Millions of furloughed Americans are trapped in a cruel in-between world where they don’t have jobs, but they also don’t not have jobs.

The tyranny and sadness of the endless furlough
[Photo: Nik Shuliahin/Unsplash]

The call from the general manager came right after Easter. Jim, a 37-year-old Disney employee who doesn’t want to use his real name due to concerns about his job security, was being furloughed after a decade of service. At the time, he thought it wouldn’t last long, but in mid-August, he got an email, saying the furlough was continuing.


“People in my position are put in limbo,” Jim explains. “I find hope in the furlough because it’s still going on. I know there would be a sense of relief being laid off. At least I know what my future entails. Right now, they put us all in a sort of glass box, waiting for the perfect time to open it.”

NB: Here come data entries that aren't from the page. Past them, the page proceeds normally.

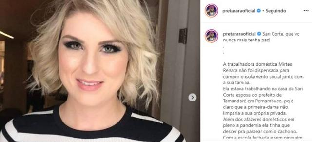 "Sarí Cortês, que você nunca mais tenha paz", escreve Preta Rara em sua conta no Instagram | Foto: reprodução/Instagram
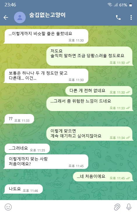그러던 어느 날, 익명의 공간에서 우연히 시작된 대화.
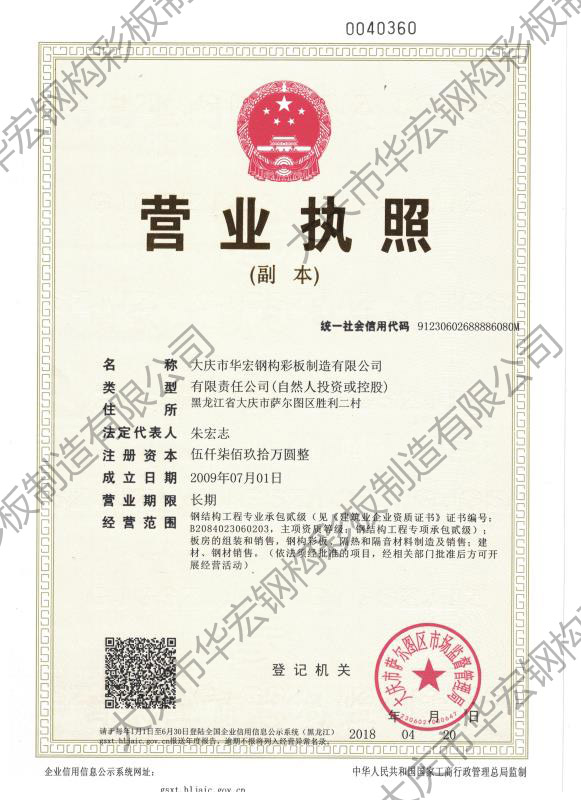 華宏鋼構(gòu)始建于2009年8月9日,總部位于大慶市薩爾圖區(qū)南一路13號(hào),現(xiàn)有大慶市華宏鋼構(gòu)彩板制造有限公司、黑龍江省華宏力安綠建科技有限公司、大慶市華宏鋼構(gòu)彩板制造有限公司長春分公司、黑龍江省海森新材料科技有限公司、大慶市瑞和通螺栓廠五家工業(yè)企業(yè)形成了以彩板復(fù)合板、裝配式鋼結(jié)構(gòu)建筑、保溫材料、配件制造為主的五大生產(chǎn)基地,占地總面積 20余萬平方米,生產(chǎn)車間5萬平方米。中高層管理干部26 人,高級(jí)工程師9人,各類國家注冊執(zhí)業(yè)人員 32 人,車間技工 260人,專業(yè)安裝隊(duì)伍 10 余支,帶動(dòng)就業(yè) 500
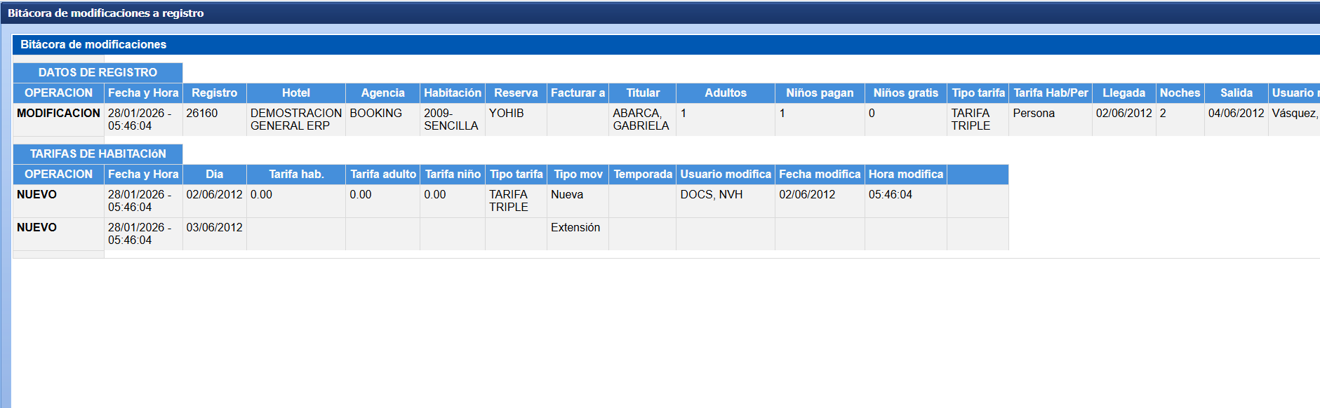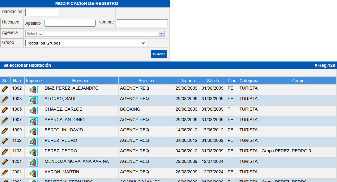 En la parte inferior se despliega el listado de registros encontrados, mostrando todos los registros activos del hotel a la fecha según los filtros aplicados. Esta tabla incluye, entre otras, las siguientes columnas informativas:
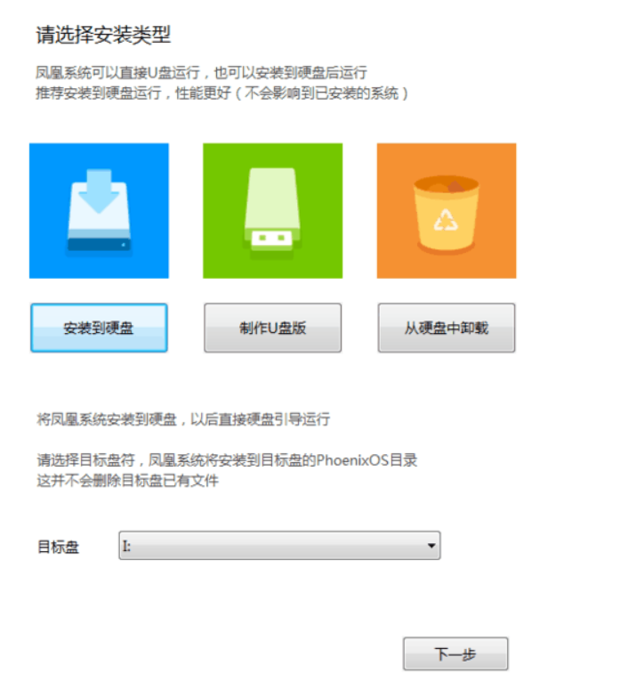 选择手动安装,安装到硬盘,目标盘符选择要安装到的硬盘盘符

It’s the uncertainty that’s a killer. Since the start of the coronavirus pandemic, millions of furloughed Americans have found themselves trapped in a cruel in-between world where they don’t have jobs, but they also don’t not have jobs. As unemployment continues to make headlines—another 898,000 Americans applied for it last week, according to the U.S. Department of Labor—it’s the lack of knowing what comes next that is hellish.

Furloughs are unpaid, temporary mandatory absences from work, with the expectation that the affected employees will return at some point. Staffers, in many cases, still receive employee benefits, like health insurance. In contrast, layoffs are permanent terminations.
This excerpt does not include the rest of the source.